I have heard it. Read it. I even feel it.
After sounding being defeated by the Montreal Canadiens by a score of 4-1 on Saturday night, this is bad place for the Flyers to be in, and it’s only two games into the season. Merely two games, out of what sometimes feel like a life spanning 82 games, and already the grumpy comments have arrived in droves.
Make no mistake, Philly is a tough town to play for, long known to demand the best while expecting the worst, athletes who play for any team in this city should get their thick skins in order. Vincent Lecavalier need not fret over what we think of him as of yet, for if the Flyers could figure out how to clone him five more times, they would have a quality top six forward setting.
That, however, is not the case, and the results are nothing short of dreadful.
I feel like i should say a word about the former Flyer great Daniel Briere playing tonight in a Canadiens sweater, but he posted irrelevant numbers, and there are far greater issues at hand with this club.
We are witnessing a reverse Bryzgalov situation, watching the defensive corps and now shamefully the forward groupings, what was a solid foundation of 2 way success, allow plays to develop in their defensive zone with little or no resistance. Steve Mason played incredibly solid goaltending despite everyone never ever ever EVER forgetting his bad years in Columbus, and tonight it was Ray Emery’s turn to know what playing five against one in the defensive zone feels like. The Flyers looked outright sloppy, and the biggest culprit viewing this game was Andrej Meszaros, who resembled a tall orange pylon while trying (and I use this term extremely loosely) to defend Canadiens from steadily marching in and ragdolling the Razor. During two of the Habs goals, he simply…just…stood there.
The Flyers accrued 32 PIMs, and the fights necessary to fire up the club came way too late. Wayne Simmonds has looked like the poster boy for anger management courses the first two games, more concerned with getting in anyone wearing an opposing teams jersey’s face more than digging in and working for the dirty goals that make him the promising 2 way battler he was developing into. Far too many bad passes, terrible puck possession, playing like they are skating in quicksand, this is the Flyers product currently on ice at the moment.
The referee situation didn’t help matters much, with an obvious goal stolen away because one referee felt Habs goalie Carey Price had possession of the puck, and clearly had anything but. Matt Read stormed in and promptly buried the puck that Price never had control of, but because a referee decided he was going to blow the whistle, that apparently is as good as actually blowing the whistle itself.
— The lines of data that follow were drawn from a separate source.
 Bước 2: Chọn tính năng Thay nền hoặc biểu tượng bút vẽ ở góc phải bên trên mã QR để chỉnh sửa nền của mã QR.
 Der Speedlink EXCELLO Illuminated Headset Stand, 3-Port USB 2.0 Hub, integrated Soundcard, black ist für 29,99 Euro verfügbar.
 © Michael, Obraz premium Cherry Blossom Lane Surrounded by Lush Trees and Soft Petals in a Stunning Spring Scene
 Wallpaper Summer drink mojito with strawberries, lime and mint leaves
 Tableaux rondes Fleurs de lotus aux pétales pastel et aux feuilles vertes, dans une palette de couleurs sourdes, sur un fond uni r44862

A horrendous call, compounded by the fact that on the opposite end of the ice, referees were painfully slow to blow plays dead after Emery did have the puck, allowing Canadiens to jab and poke at him a good few times after he had possession. This of course happened more than a few times for comfort, and makes one wonder where in the world the referees heads were at. Officiating has always had issues in the NHL, but the coincidences during games taking place in Montreal have always been a bit hokey.
The uneven penalty calling may have had an effect on the Flyers, making them a bit tentative, and this definitely ruins the potential for quality, fair games. Twice a Montreal player ran into Emery, one crosschecking him in the mask, and yet Emery wound up somehow with a penalty for it. The other time, Gionta plowed him a few minutes later even though the puck was nowhere near either player, and Emery was front of his net.
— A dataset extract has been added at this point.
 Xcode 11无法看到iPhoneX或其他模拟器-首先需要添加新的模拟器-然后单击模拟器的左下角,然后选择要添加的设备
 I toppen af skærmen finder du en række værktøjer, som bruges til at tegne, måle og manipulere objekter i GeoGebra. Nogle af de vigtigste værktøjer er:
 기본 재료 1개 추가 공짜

The blame in my eyes though really rests on the shoulders of coach Peter Laviolette. The constant nonsensical line juggling, the just plain dumb prevent defense goalie yanking in the Leafs game, the simple inability to just let the youth gel and groom chemistry with each other, it’s bad for the team. Lavy may have had the magic in 2010, but it’s crystal clear that magic has long since faded. He hasn’t demonstrated the ability to make his players defensively responsible, scapegoated at one point one of the brightest youngsters the Flyers have in Sean Couturier, and these issues are leaving a bad taste in a lot of fans mouths. Looking back on how Laviolette handled JVR’s progression, it makes more sense his impatience with developing youth, and Couturier is paying for it now.
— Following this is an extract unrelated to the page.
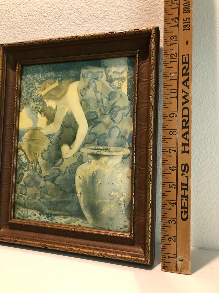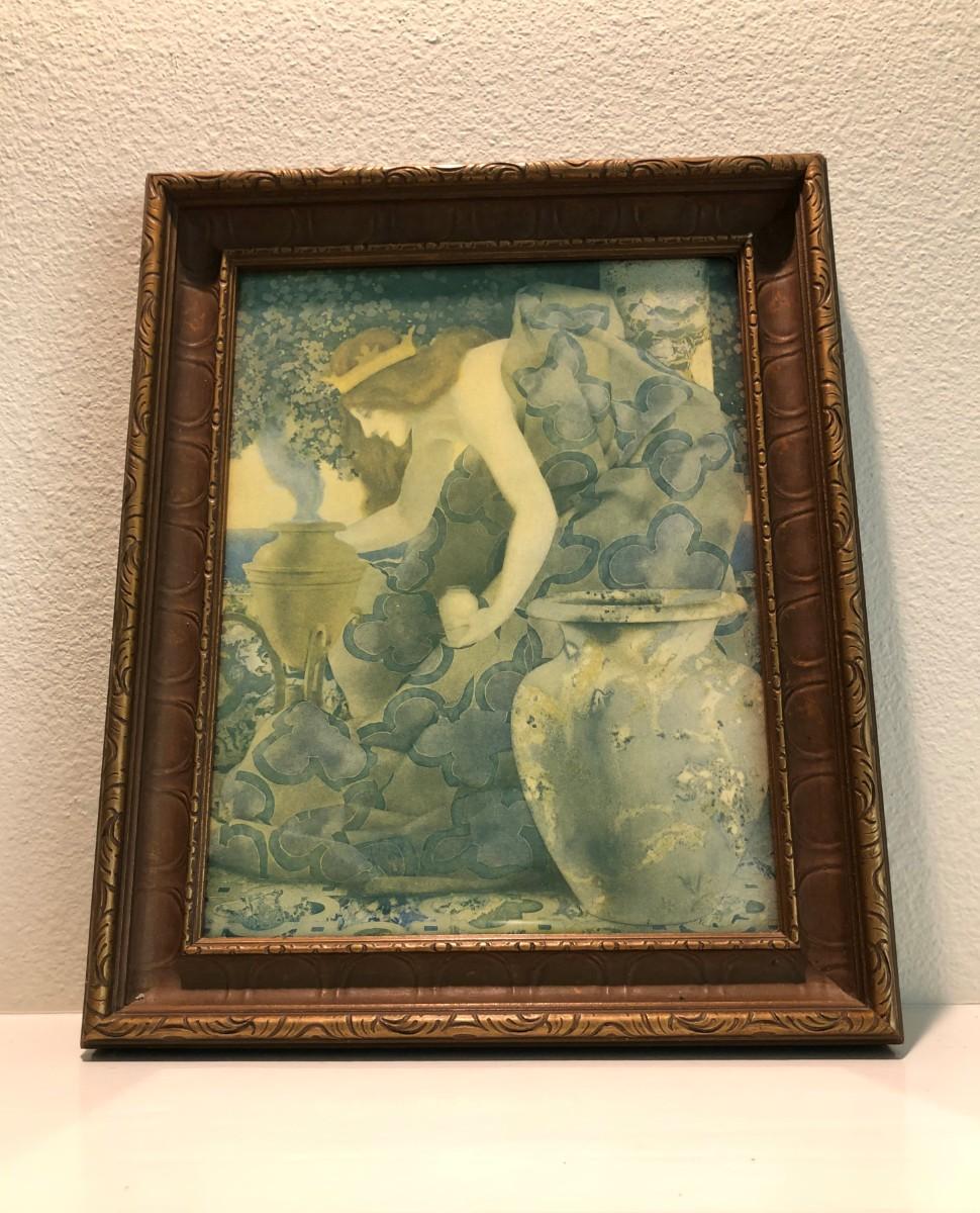 Antique Framed Print of Gulnare of the Sea by Maxfield Parrish circa 1910. In very good condition. Features Queen Gulnare of the Sea in a scene from Fantasies and Fairy-Tales.

All in all, the Flyers look ridiculously undisciplined, lethargic, and uninspired. I just don’t see the team playing for Laviolette with the fire needed to become a great team, a contender. Some have blamed Holmgren, but you cant have your cake and eat it, too. We can’t sit here and say the youth have no talent one moment, and the next touting how valuable they are should they be traded. It’s one or the other, not both.
If the trend of one goal a game scoring with no defensive responsibility continues, I truly feel that Peter Laviolette will be looking to win his second cup as a head coach…with another team.